Люди по двору ходили озабоченно и угрюмо, говорили негромко, но видно было, что все торопятся куда-то.

Вавило открывал форточку — в камеру вливались крепкие запахи навоза, дегтя, кожи и отовсюду из города доносился странный гул, точно кто-то разорил все вороньи гнезда в садах.

«Шумят!» — счастливо думал Бурмистров и тяжко вздыхал, вспоминая себя среди толпы людей. Каждый раз, когда он вспоминал это событие, оно выступало перед ним все более значительно, красиво и манило его снова к людям, в шум и суету.

Он плевал в стену голодной горячей слюной и, снова вспоминая Лодку, мысленно грозился:

«Ладно, собака!»

Вспоминал Тиунова, хмурился, думая:

«Чай, с утра до вечера нижет слово за словом, кривой черт!

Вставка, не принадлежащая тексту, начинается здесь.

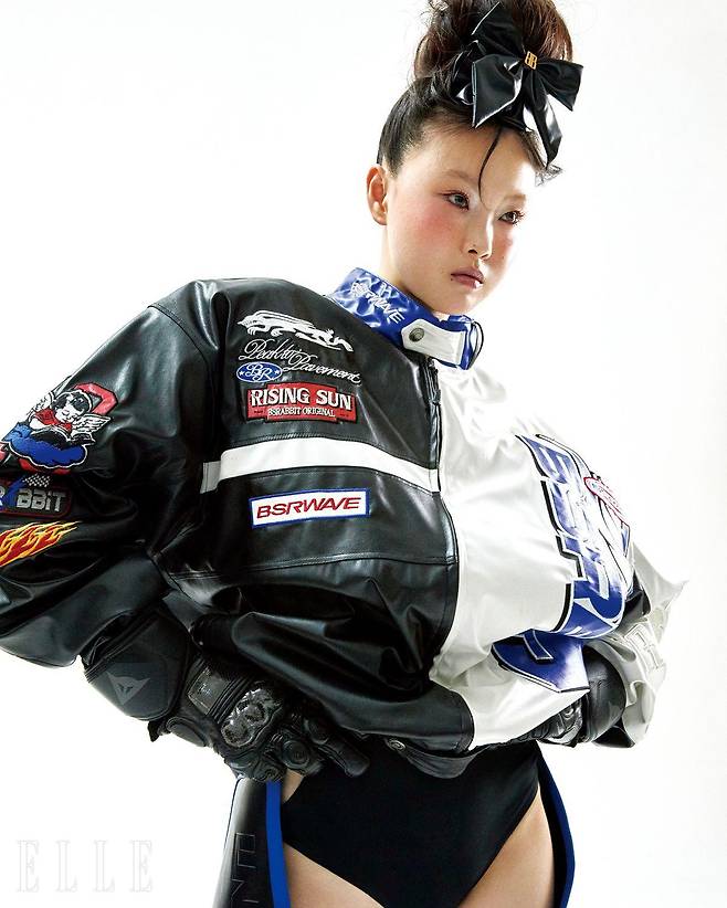 리본 디테일의 스크런치는 가격 미정, Balenciaga. 레더 레이싱 재킷은 34만8천원, Bsrabbit. 블랙 모노키니 스윔수트는 14만5천원, Yunsé. 블루 라이닝 디테일의 롱부츠는 가격 미정, Untitlab2Ⓡ.

Опутывает людей-то…»

Но мысль о Симе, о суде, о Сибири сваливала его на нары, и он снова погружался в оцепенение.

В полдень третьих суток заключения в камеру вошел Капендюхин, не затворив дверь, сел на нары и, толкнув Вавилу в бок, осведомился:

— Лежишь?

— Скоро, что ли, допрашивать меня будут? — сердито спросил Бурмистров.

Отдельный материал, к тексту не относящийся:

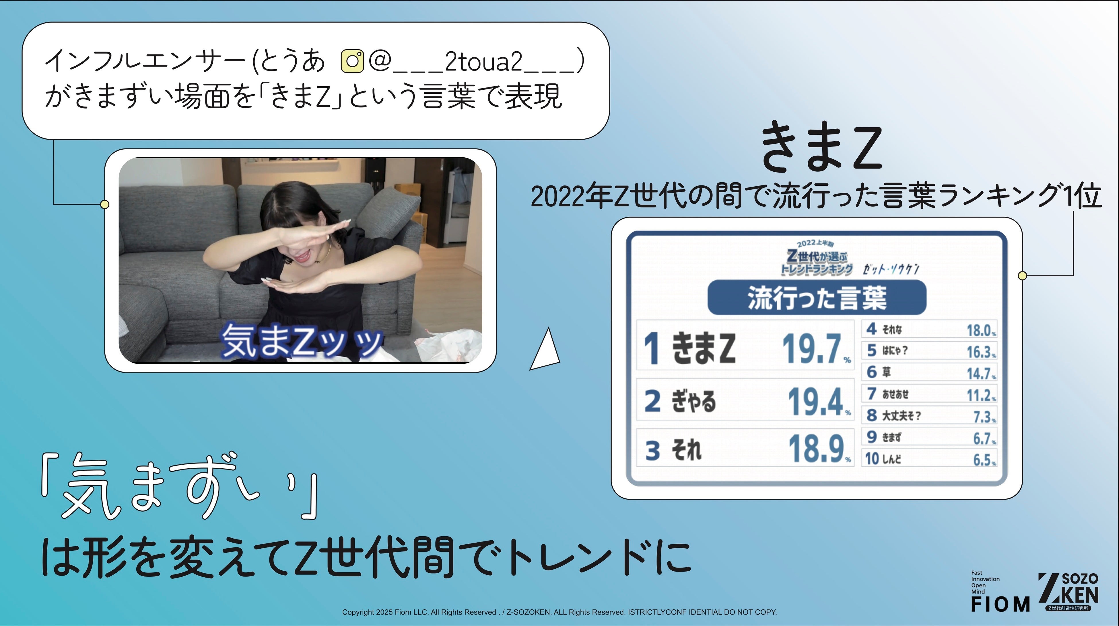 2022年のトレンドランキング1位となった「きまZ」の影響により、気まずい状況をポーズと言葉で「ネタ」にする文化が定着。ネガティブな空気を共有し、笑いに変えることでその場を乗り切る、Z世代独自の処世術として機能しています。

— Не знаю того, братику! — сказал Капендюхин, вздохнув.

Его усы растрепались, обвисли, брови были высоко подняты, на лицо городового неподвижно лежало выражение печали и обиды.

— Теперь уж не до тебя! — медленно говорил он, уставив в стену большие оловянные глаза. — Ты знаешь, чего вышло?

И, не ожидая ответа, сообщил, качнув головой:

— Свобода всем вышла!

— Кому? — равнодушно спросил Бурмистров.

— А всем жителям.

Городовой вынул из-за обшлага шинели кисет, из кармана трубку и, посапывая, начал набивать ее табаком.

— Да! Вышла-таки! Сегодня у соборе молебен будет. Всем все прощено!

Вавило посмотрел на него, медленно приподнялся и сел рядом.

— Кто объявил?

— Государь император, кому же больше?

— Всем?

— Я ж говорю…

— И мне?

— А и тебе! Почему же и не тебе? Если всем, то — и тебе.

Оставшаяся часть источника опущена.